## MATERIAL PROVIDED
== Segment start ==

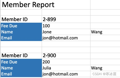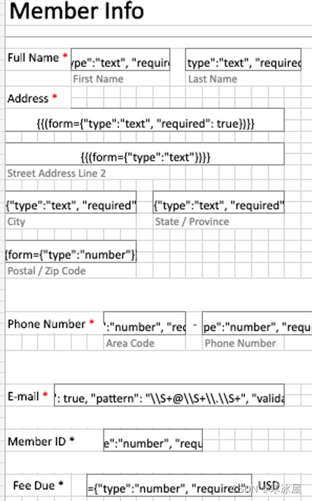 为了生成包含所有成员的表单条目的Excel电子表格,我们创建了一个Excel数据源模板,如下所示:
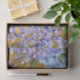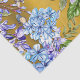 A charming, very pretty floral pattern with blue flowers mixed with purple floral arrangements, with a hint of greenery for contrast. In the background behind them all is a striking gold background.
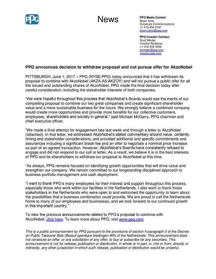 PPG geeft overnamestrijd om AkzoNobel voorlopig op | Foto | AD.nl

== Segment end ==

## PROMPT
Find the line that contains "A charming, very". Copy it and every line after it through the end of the listing exactly, but not the pictures.

## EXPECTED ANSWER
 A charming, very pretty floral pattern with blue flowers mixed with purple floral arrangements, with a hint of greenery for contrast. In the background behind them all is a striking gold background.
 PPG geeft overnamestrijd om AkzoNobel voorlopig op | Foto | AD.nl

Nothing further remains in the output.